Look through the records below for the line with "关键词:冀教版七年级下册英语PPT课件免费下载,Li Ming's Summer". Return that line and each one after it up to and including the line with "デバイスマネージャーでは、ITHOO Tech SCSI", exactly.

*** Provided material ***

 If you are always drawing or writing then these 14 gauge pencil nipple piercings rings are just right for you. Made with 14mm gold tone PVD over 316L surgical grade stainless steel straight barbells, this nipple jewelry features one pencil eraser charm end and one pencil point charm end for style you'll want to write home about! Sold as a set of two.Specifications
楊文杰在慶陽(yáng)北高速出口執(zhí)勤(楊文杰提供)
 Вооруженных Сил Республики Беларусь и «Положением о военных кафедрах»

*** End of Provided material ***
*** Provided material ***

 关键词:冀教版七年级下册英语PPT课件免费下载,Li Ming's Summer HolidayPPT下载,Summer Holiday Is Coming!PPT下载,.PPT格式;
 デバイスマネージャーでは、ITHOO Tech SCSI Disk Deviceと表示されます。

*** End of Provided material ***
*** Provided material ***

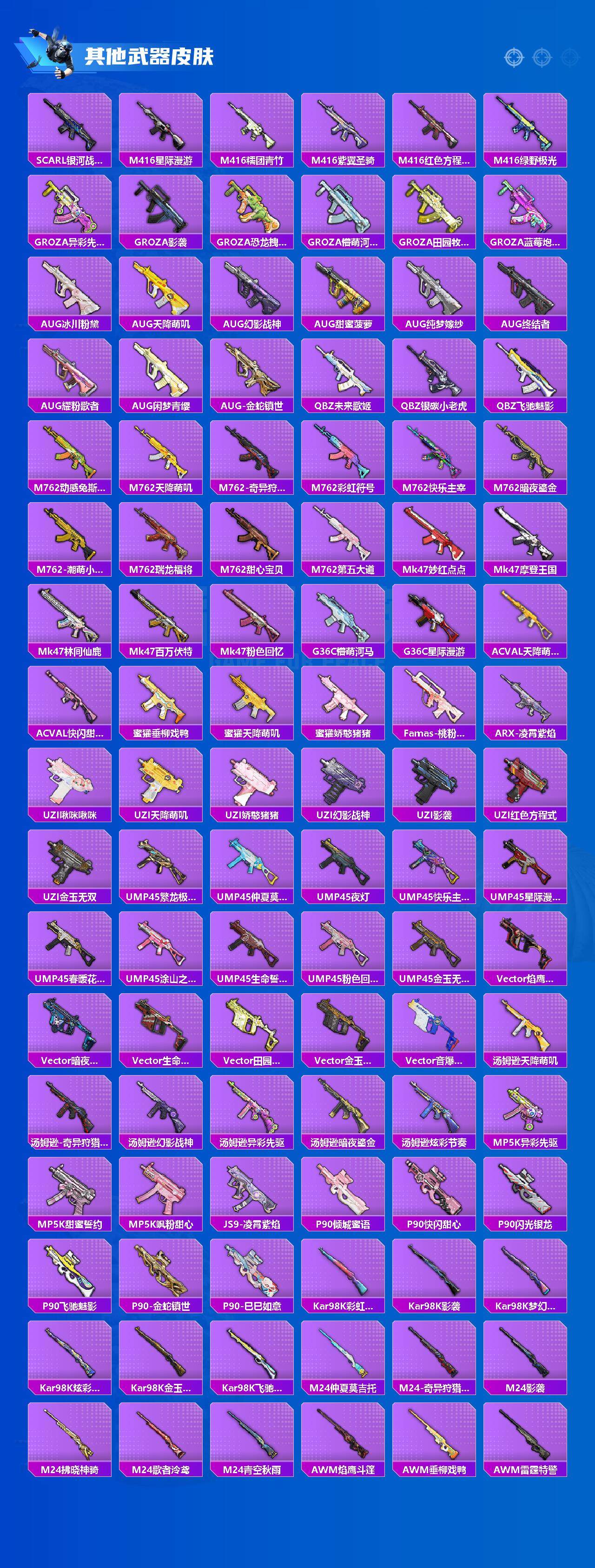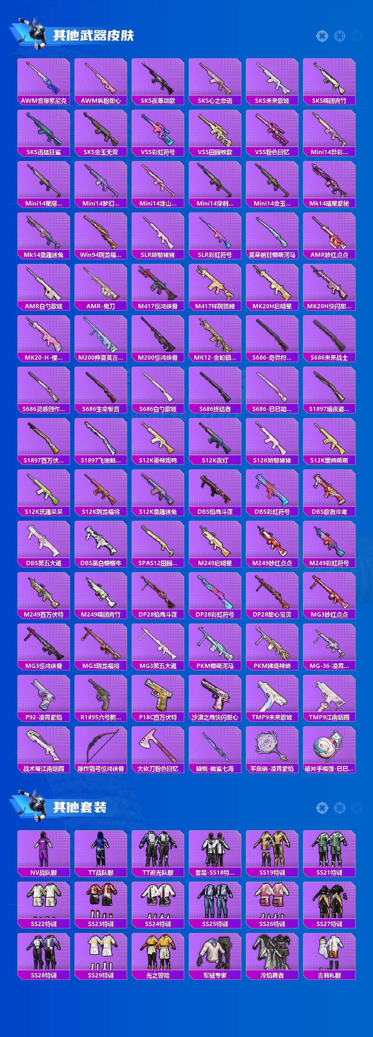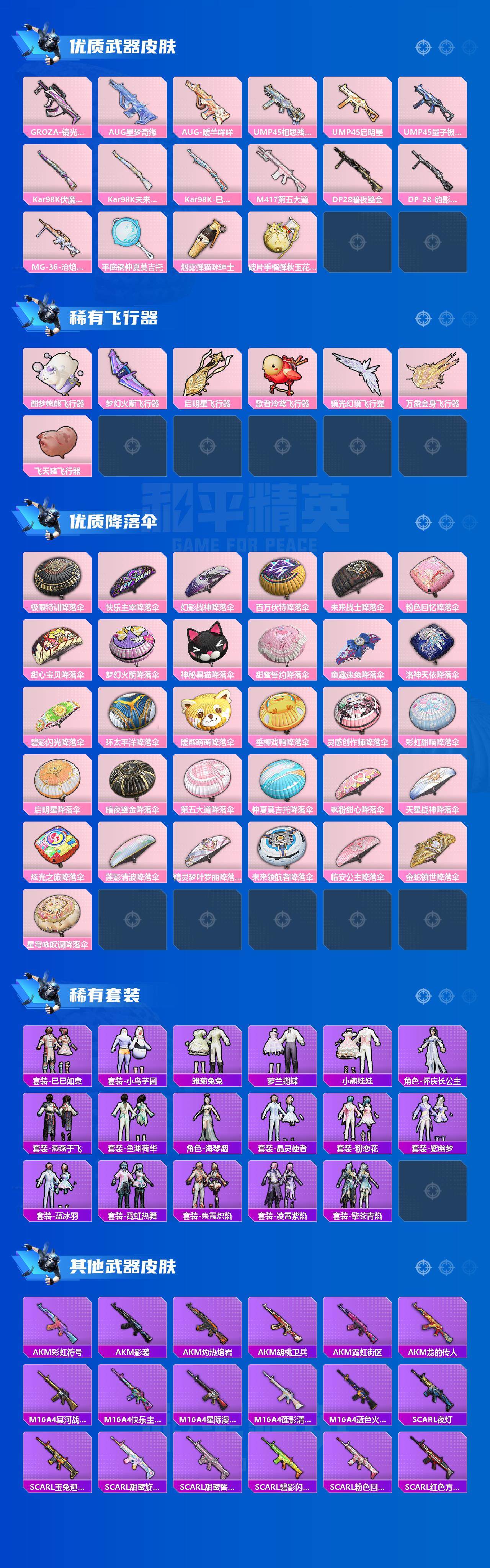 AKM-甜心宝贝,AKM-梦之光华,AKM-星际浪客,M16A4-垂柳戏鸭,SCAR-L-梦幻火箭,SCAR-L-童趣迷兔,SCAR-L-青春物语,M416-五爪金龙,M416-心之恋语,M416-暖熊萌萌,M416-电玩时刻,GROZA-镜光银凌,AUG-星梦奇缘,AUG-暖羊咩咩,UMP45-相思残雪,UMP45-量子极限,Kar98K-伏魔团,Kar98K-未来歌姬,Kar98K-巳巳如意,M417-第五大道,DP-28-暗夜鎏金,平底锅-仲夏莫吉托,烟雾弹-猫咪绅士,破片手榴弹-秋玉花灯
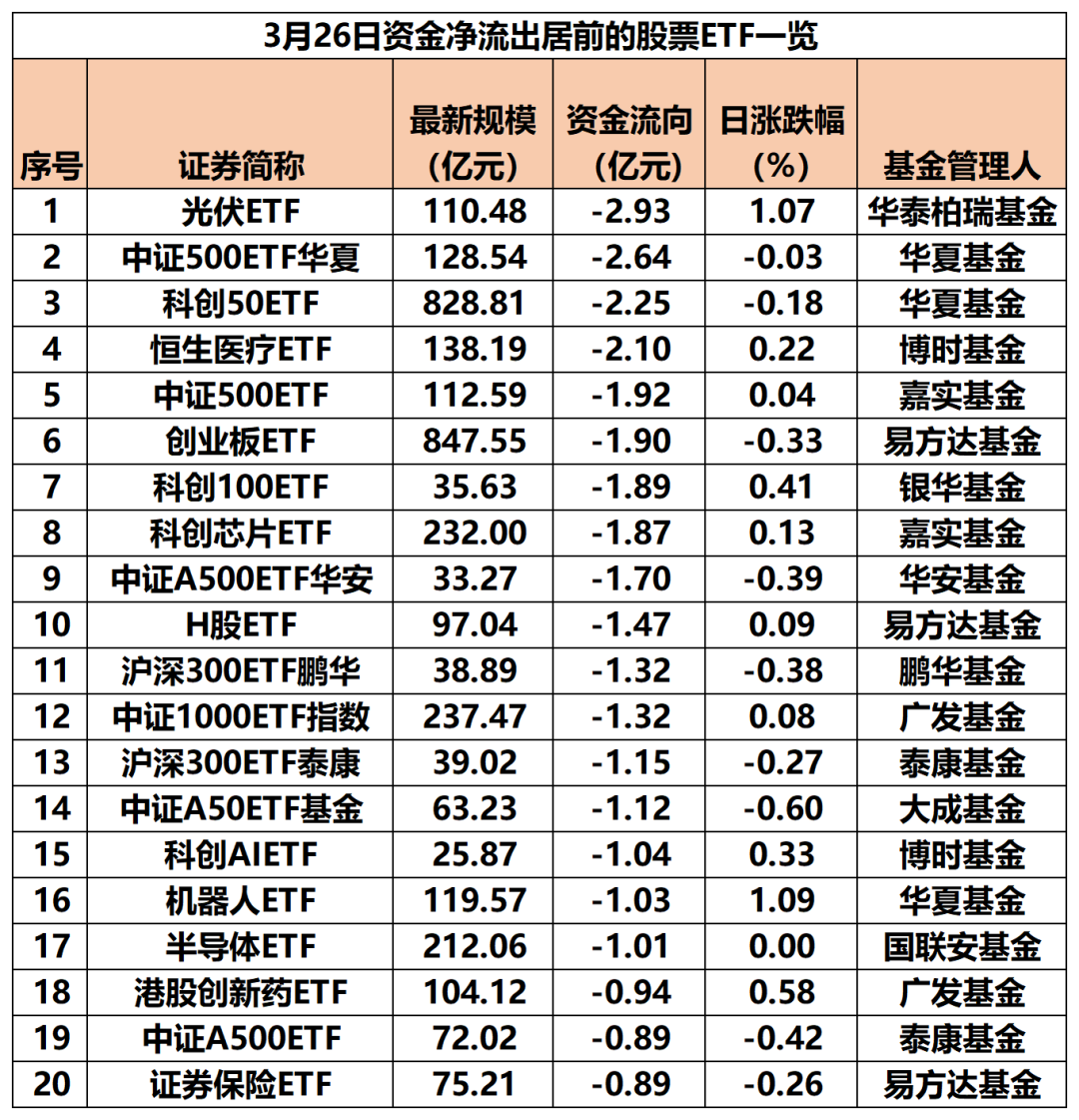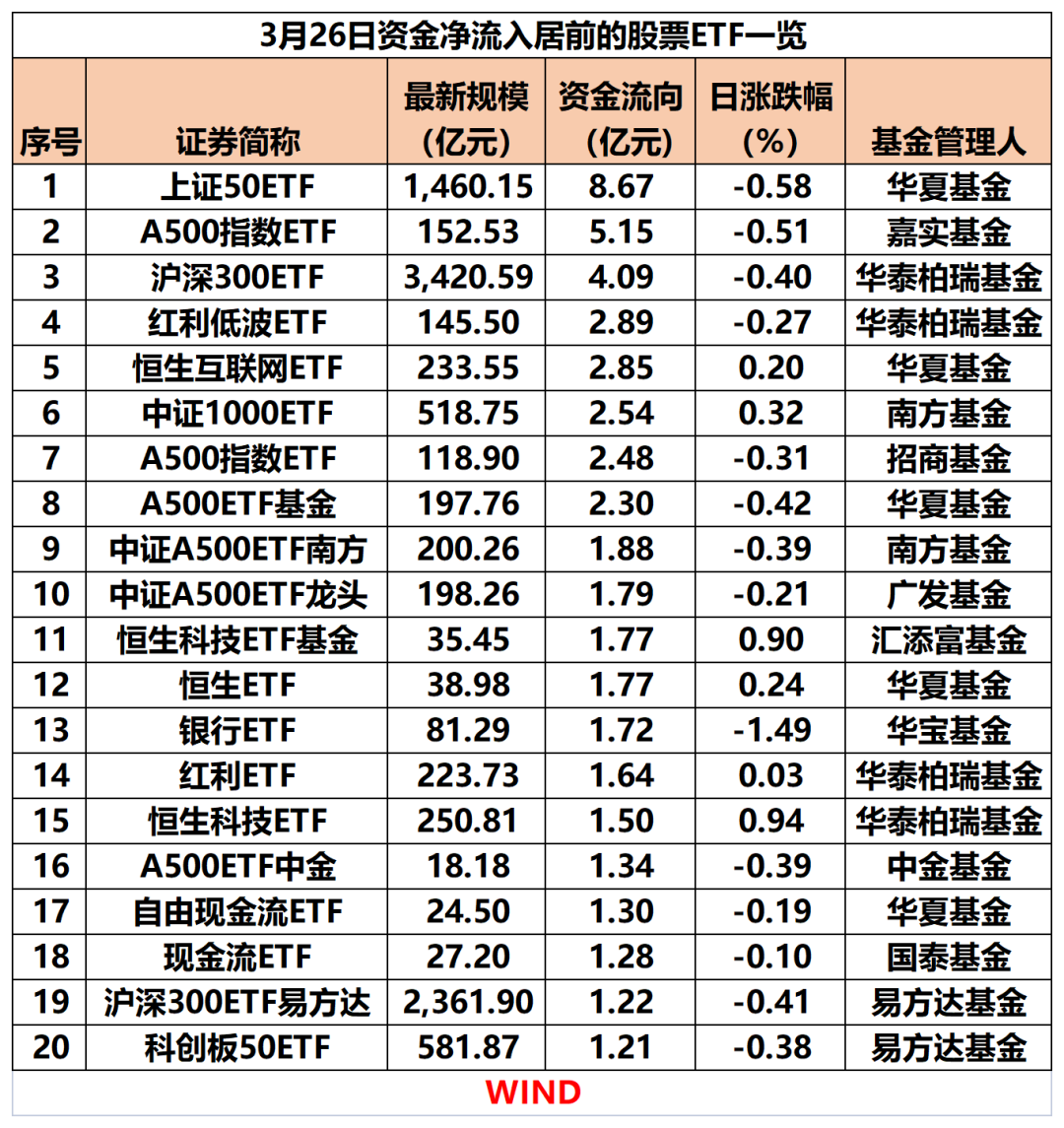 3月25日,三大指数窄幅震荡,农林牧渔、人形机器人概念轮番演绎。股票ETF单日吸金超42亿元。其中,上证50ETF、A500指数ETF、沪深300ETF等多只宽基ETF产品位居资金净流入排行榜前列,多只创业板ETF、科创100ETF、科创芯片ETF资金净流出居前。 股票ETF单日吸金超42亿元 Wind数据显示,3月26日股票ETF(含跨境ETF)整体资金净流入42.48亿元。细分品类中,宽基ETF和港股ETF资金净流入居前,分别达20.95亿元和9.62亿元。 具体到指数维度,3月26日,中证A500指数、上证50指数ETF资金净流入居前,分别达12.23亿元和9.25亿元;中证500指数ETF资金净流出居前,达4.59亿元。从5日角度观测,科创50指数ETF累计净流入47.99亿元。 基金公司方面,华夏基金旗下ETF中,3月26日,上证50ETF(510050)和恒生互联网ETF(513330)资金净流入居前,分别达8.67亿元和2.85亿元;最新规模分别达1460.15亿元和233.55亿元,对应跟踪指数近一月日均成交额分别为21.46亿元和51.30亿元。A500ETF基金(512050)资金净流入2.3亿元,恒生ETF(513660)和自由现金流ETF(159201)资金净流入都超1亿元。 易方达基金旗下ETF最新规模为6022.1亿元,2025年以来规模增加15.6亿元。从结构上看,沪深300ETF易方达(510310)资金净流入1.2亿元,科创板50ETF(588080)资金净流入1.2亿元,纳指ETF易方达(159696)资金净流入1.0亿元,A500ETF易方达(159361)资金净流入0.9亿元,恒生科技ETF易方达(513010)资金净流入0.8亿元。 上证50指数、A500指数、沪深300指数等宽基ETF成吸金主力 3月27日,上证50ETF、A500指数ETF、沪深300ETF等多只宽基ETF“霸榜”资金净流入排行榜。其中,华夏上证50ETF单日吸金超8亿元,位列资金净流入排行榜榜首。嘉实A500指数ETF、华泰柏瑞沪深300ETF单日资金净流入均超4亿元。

*** End of Provided material ***

→ Answer box
 关键词:冀教版七年级下册英语PPT课件免费下载,Li Ming's Summer HolidayPPT下载,Summer Holiday Is Coming!PPT下载,.PPT格式;
 デバイスマネージャーでは、ITHOO Tech SCSI Disk Deviceと表示されます。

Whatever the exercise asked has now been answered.